Ostensibly the mutual aid tontine was an insurance policy, with the tontine function being an additional benefit. That view has been challenged, however. Rather than providing its members with insurance, with the potential yearly payout as a secondary feature, Mullan states that the ‘primary financial aim’ of these schemes was actually the reverse. The contention is that, rather than the draw of support at times of ill health or death, investors were being pulled towards the scheme in anticipation of the annual windfall. 27 Mullan provides evidence, in the form of spending data from Irish mutual aid tontines, which demonstrates that a majority of tontine funds were being directed at the yearly dividend, rather than providing members with a sickness/death benefit. This is collated from an 1874 report on Irish Friendly Societies presented to the British parliament and demonstrates that by that time, 67 percent of the total funds held by these societies were being directed at the Christmas division, 12 percent towards sickness benefits and 11 percent to death benefits. 28
This reading of the situation is not one confined to modern observers. Nineteenth-century commentators in Dublin also raised concerns around the operation of mutual aid tontines. A central fear was that young subscribers were shopping around for schemes which contained the fewest old men. These would pay out less during the year and at Christmas would retain a larger portion of funds. This would leave more to be divided among remaining subscribers in relation to the size of contributions. The worry was that such a system would leave the ‘old men at the mercy of the young’. 29 It is worth noting that by the second half of the nineteenth century, Ireland was home to a prematurely aged population. This was the result of the famine which had reduced the number of infants and young people in the country, and by the subsequent emigration of Ireland's younger generations.
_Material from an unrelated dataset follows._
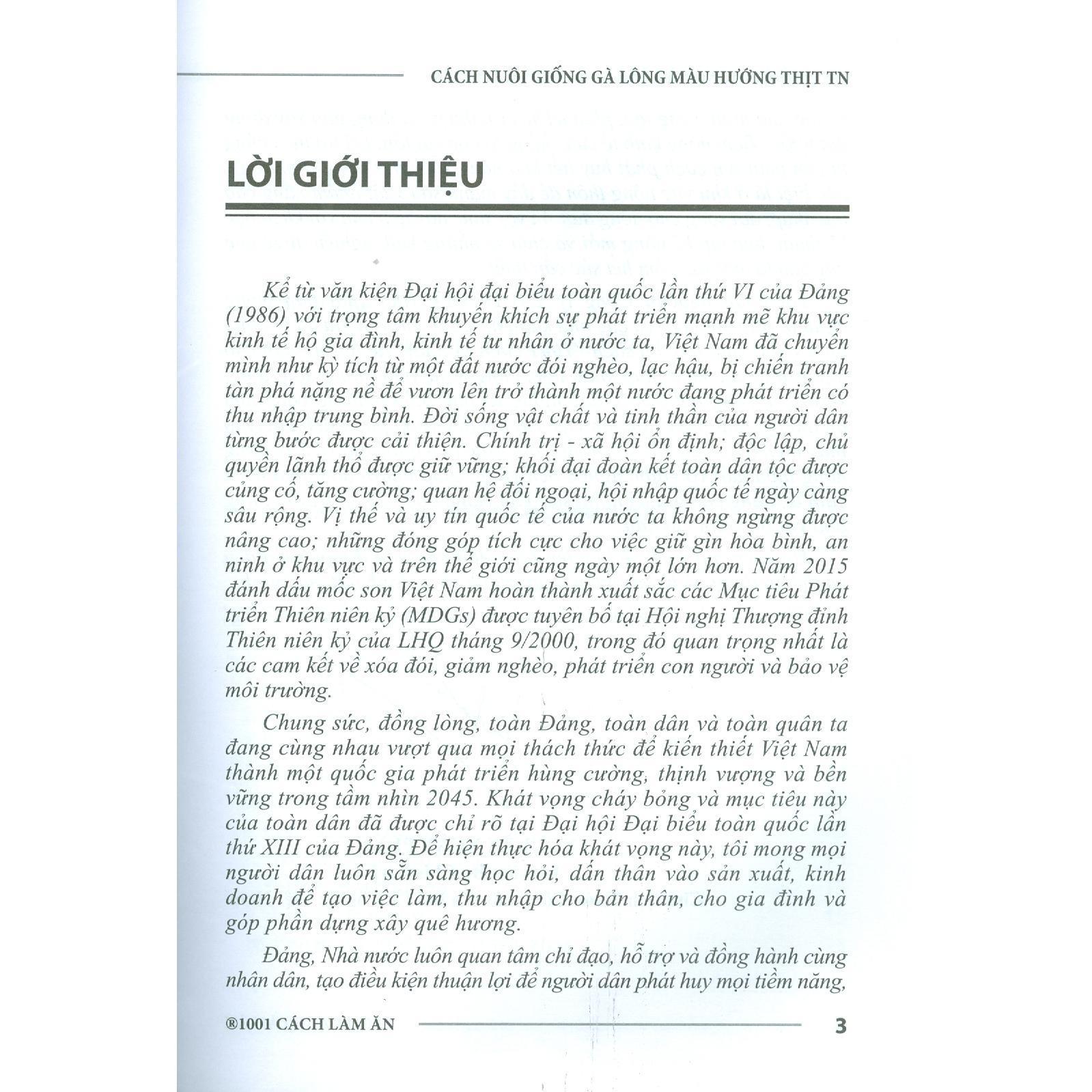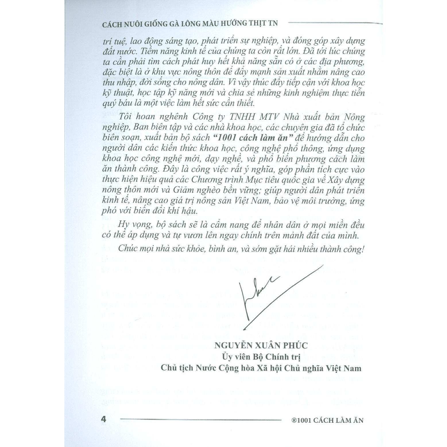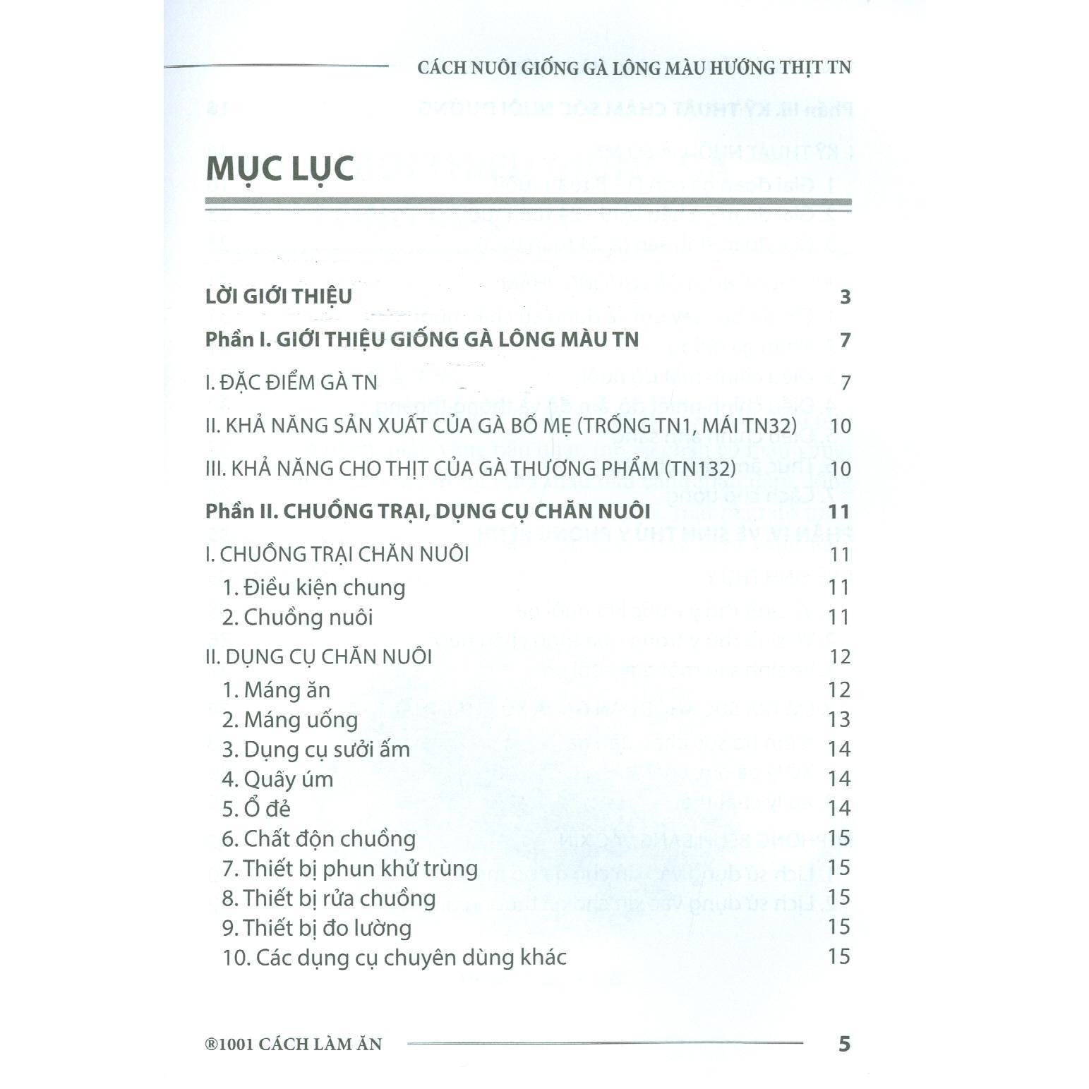 Công ty TNHH MTV Nhà xuất bản Nông nghiệp, Ban biên tập và các nhà khoa học, các chuyên gia đã tổ chức biên soạn, xuất bản bộ sách "1001 cách làm ăn" để hướng dẫn cho người dân các kiến thức khoa học, công nghệ phổ thông, ứng dụng khoa học công nghệ mới, dạy nghề, và phổ biến các cách làm ăn thành công. Cuốn sách "Cách Nuôi Giống Gà Lông Màu Hướng Thịt TN" gồm 4 phần;

Figures from the 1850s onwards demonstrate that those who emigrated were overwhelmingly young. Of the more than 3.7 million men, women and children who left Ireland between 1851 and 1900, only 0.67% were over the age of 60. The premature ageing of the population was also met with increasing sickness, driven by post-famine conditions, and declining life expectancy. For those hunting for a tontine made up of younger healthy members who would not withdraw from the fund during the year, this must therefore have been a challenge. 30
Concerns over this shift in how subscribers viewed the mutual aid tontine were such that the Registrar for Irish Friendly Societies, William Francis Littledale, proposed in 1872 that scheme organisers should establish a reserve fund which would be ringfenced from the main tontine fund. This separate pot was to be used to renumerate the contributions made by a scheme's older members. Some organisers implemented this measure, and from the late 1870s the Register of Friendly Societies included an additional column headed, ‘Statement made as to the provision for old age’. 31 This specified an additional amount collected from subscribers to be directed towards older members but was by no means a practice undertaken by every tontine scheme. There were also some organisers that could see the benefit of removing the yearly annuity altogether, but the idea proved unpopular with wider memberships and the Christmas division remained. 32
As an example of how significantly payouts could vary, we can return to the records of 1869. The St. Andrews Tontine, a sickness and burial scheme in Dublin, had received £36, 16 s, 10 ½ d in subscriptions during the year, and by Christmas had 18 members who were entitled to a dividend. 33 Over the course of year, organisers had paid out more than £30 to members to cover sickness and burial costs. This meant that when it came time to divide what was left in the fund, those who had not withdrawn anything during the year were left to share £6, 12 s, 6d. This gave each member just short of 34d, around £31 in today's money. 34 The Emerald Isle Tontine, meanwhile, had 22 surviving members by Christmas 1869. Subscribers had paid in more than £75 in subscriptions, and organisers had paid out just £17, 17 s, 7d in benefits. After operational costs this left £43, 19 s, 7d, to be shared among its members, netting each just under £2 (around £185 today). 35 It would of course be helpful to know how many members had started the year with these tontines and how much each member had subscribed across 1869, in order to assess if this was a sound investment or not. Unfortunately, the information included in the register only provides the end of year details. Despite this, it does demonstrate how those schemes which paid out less during the year, with fewer members requiring to withdraw sickness and burial benefits, offered its subscribers a larger dividend at the end of the year.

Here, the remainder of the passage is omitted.